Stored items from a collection
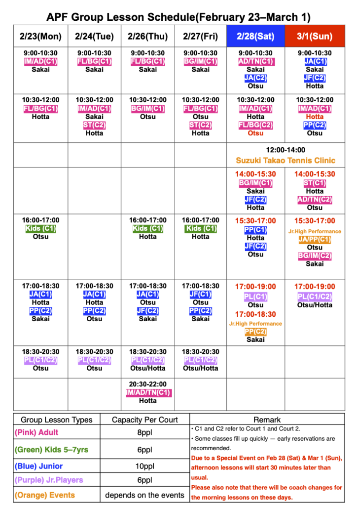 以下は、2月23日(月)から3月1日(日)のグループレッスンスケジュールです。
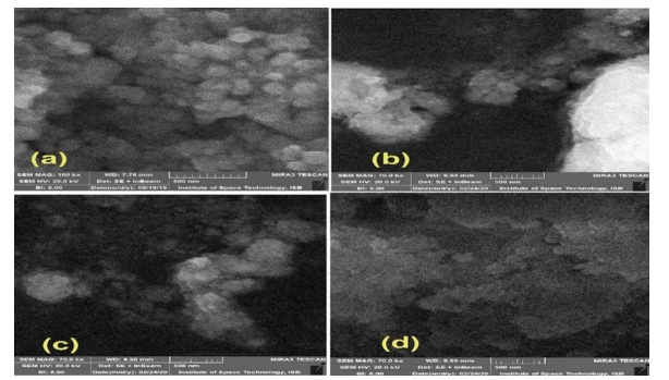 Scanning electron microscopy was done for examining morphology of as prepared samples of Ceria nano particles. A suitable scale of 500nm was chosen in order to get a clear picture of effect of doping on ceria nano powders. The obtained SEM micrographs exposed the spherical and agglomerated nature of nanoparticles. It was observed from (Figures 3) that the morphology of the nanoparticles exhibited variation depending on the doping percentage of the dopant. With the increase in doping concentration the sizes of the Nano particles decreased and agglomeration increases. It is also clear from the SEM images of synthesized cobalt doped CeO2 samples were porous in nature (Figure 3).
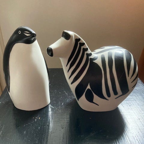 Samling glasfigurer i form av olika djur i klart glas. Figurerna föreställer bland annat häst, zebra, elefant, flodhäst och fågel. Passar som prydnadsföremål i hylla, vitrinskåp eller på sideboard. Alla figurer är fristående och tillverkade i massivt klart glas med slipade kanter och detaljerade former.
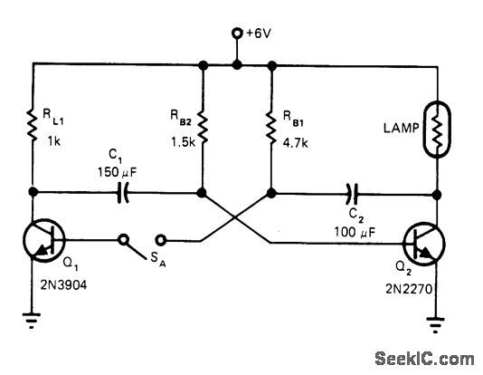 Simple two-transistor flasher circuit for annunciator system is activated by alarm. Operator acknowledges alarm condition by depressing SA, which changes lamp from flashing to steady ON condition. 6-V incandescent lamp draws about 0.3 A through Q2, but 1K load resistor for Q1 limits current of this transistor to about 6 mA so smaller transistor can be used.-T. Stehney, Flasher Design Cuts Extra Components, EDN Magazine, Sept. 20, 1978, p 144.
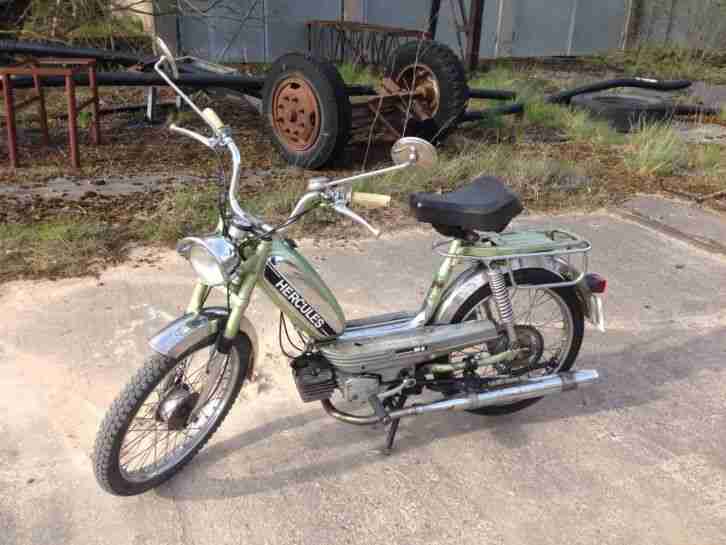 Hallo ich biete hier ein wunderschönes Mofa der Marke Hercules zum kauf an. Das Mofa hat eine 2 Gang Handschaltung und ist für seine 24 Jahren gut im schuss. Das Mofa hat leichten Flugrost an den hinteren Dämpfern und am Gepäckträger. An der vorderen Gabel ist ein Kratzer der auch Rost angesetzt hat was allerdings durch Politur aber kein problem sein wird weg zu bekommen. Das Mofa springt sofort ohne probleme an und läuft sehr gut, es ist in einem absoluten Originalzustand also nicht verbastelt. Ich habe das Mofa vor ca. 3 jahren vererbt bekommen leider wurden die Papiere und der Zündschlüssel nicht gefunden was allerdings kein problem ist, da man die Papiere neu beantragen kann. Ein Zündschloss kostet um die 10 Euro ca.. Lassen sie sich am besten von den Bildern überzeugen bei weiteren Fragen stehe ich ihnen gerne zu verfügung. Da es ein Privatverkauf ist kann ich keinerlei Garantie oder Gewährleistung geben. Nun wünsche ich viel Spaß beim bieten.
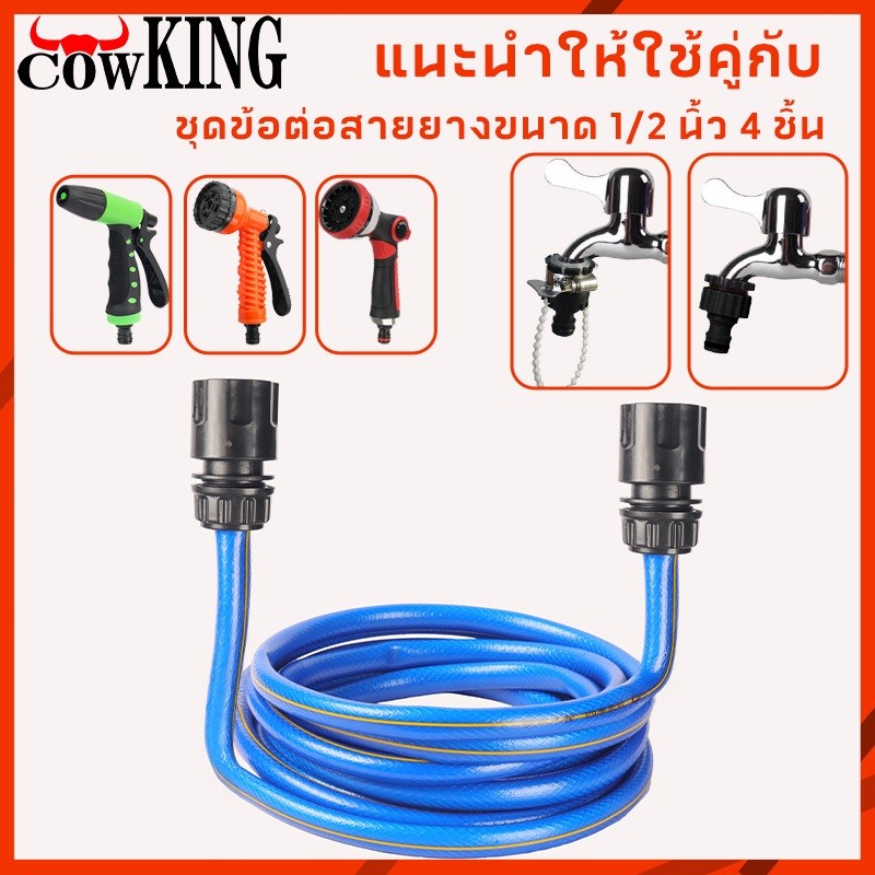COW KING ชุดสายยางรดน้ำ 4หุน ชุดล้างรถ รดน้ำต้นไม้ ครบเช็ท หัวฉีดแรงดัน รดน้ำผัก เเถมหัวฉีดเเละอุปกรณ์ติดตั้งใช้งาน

● **AIM OF THE TASK**
Only the lines from the first line of the entries through the line containing "Scanning electron microscopy" should be output, exactly as they are, without pictures.

● **SOLUTION BELOW**
 以下は、2月23日(月)から3月1日(日)のグループレッスンスケジュールです。
 Scanning electron microscopy was done for examining morphology of as prepared samples of Ceria nano particles. A suitable scale of 500nm was chosen in order to get a clear picture of effect of doping on ceria nano powders. The obtained SEM micrographs exposed the spherical and agglomerated nature of nanoparticles. It was observed from (Figures 3) that the morphology of the nanoparticles exhibited variation depending on the doping percentage of the dopant. With the increase in doping concentration the sizes of the Nano particles decreased and agglomeration increases. It is also clear from the SEM images of synthesized cobalt doped CeO2 samples were porous in nature (Figure 3).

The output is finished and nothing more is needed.